Я чмокнула ее в ухо, накинула пальто, поглубже натянула шляпку, открыла окно и спрыгнула в сад. Маша, лучшая наша с Томой подруга, уже бежала по узкой тропинке от главного корпуса. Поравнявшись со мной, сунула мне в руку ключ от садовой калитки. Подмигнула и полезла в окно, подобрав платье. Я помогла, махнула обеим, проследила, как они закрыли створки окна, как Маша сбросила пальто, легла и натянула одеяло до самого носа, а Тамара села дежурить возле кровати. Год назад эта Маша была такая гадкая девчонка… злее всех прочих донимала нас. Ее папа богат, ведет дела с самим Потапычем. Маше всю жизнь внушали, что это важно. Ничего, перевоспиталась. Драть нос и фыркать гораздо скучнее, чем проказничать в нашем неспокойном обществе. И не у каждого князя есть среди знакомых маг уровня Лешки. И не у каждого мага есть приятели, способные ухаживать за Машей так изобретательно, как это происходит в последние два месяца. Опять же за ней, а не за ее кошельком или папиными связями. Большая разница…
Отперев калитку, я повесила ключ на завиток узора ковки, словно его тут по небрежению забыли. Побежала по пустой аллее, выбралась на узенькую дорожку, умеренно накатанную колесами карет, свернула к городку, до которого от нашего пансиона всего-то две версты. Смену устаревших верст на современные километры произвели недавно, все мы то и дело путаемся. Но Вдова непреклонна: прогресс требует унификации единиц измерений. Вообще странное дело, по общему мнению, она злыдня, чудовище и даже непонятно, человек ли, но зачастую принимает правильные и взвешенные решения. Страна у нас большая, мягкости и доброты не понимает, почитая за слабость. Взять хоть моего любимого Потапыча. Дай ему чуть больше воли – и станет страшнее Вдовы. Бешеный он. Азартный, умный, до дела жадный, в людях толк понимает – а собой управлять не может. Без пригляда вмиг поднимет цены на перевозки до заоблачных, запретит строить любые дороги в объезд рельсов и введет личную семейную монополию на выпуск паровозов. По крайней мере, мне так кажется.
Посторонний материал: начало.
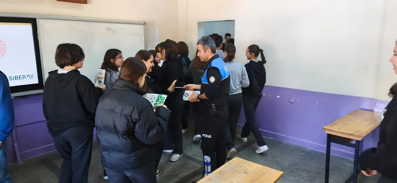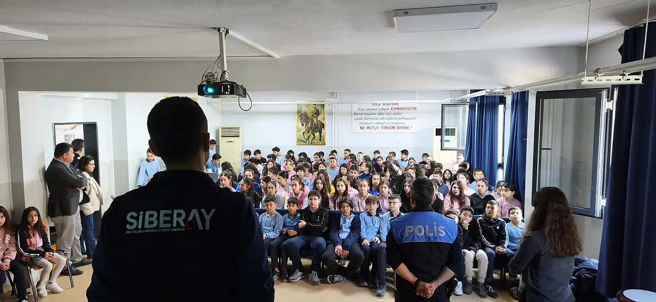 İzmir Siber Suçlarla Mücadele Şube Müdürlüğünde görevli eğitici personel tarafından verilen SİBERAY eğitiminde öğrencilere internet ortamında karşılaşılabilecek riskler, güvenli internet kullanımı ve siber zorbalıkla mücadele konularında önemli bilgiler aktarıldı.

Рассуждая о правлении Вдовы и Потапыче, я быстрым шагом преодолела две версты. Думать о постороннем полезно, поскольку становится некогда переживать о личном. Обед в лавках еще не закончился, а я уже купила себе билет на местный поезд, который через полчаса ожидания подошел, загрузил нас всех – аж пятеро пассажиров со всего городка! – и запыхтел, стараясь не нарушать расписание. Паровозик нас тянул пожилой, ровесник "Букашки", даже из его серии. Звук радовал привычностью. Ровный, уверенный, без сбоев ритма и посторонних шумов. Все же я внучка Корнея, хоть и приемная, в голосах поездов разбираюсь. Этот знает регулярное обслуживание и поддерживается в исправном состоянии. Значит, довезет нас до главного вокзала в срок, за один час сорок минут, и ни минутой позже или раньше. У Потапыча с расписанием исключительный порядок. Разве что вмешается его знаменитое самодурство… Но не сегодня, я чувствую.
Еще я осознаю, что мама уже в столице, совсем рядом, и для нее серия перемещений по полю удачи обернулась ярким и ровным светом нового места и интересного дела. Такой вот я нелепый пророк: предсказываю сбывшееся, задним числом. И то лишь в отношении хорошо знакомых не ошибаюсь. Леха добрался до уровня пси, он бы при желании наверняка сказал больше, произведя настройку по личности: состояние бы уточнил, обстановку, отношение окружающих к объекту изучения. При исследовании людей, хорошо знакомых ему лично, указал бы точный адрес в пределах сорока – пятидесяти верст. Тома и вовсе отсылает ему почти что связные мысли. Я поежилась. Как пить дать уже транслирует: "Береги Бэкки!" Бедный Леха в ответ часто и мучительно икает прямо на ходу, а сам торопится к Юнцу. Это мои предположения, выстроенные на логике, без всякого обращения к дару. Но мне они не очень нравятся. Не следует никому лишнему оказываться на путях, когда я возьмусь играть там с удачей. Я неопытна, наверняка такого натворю – сама потом стану удивляться. Да и маги Вдовы заметят, они опасны. Не говоря о самой Диване – о ней лучше даже не думать, чтобы не утратить настрой!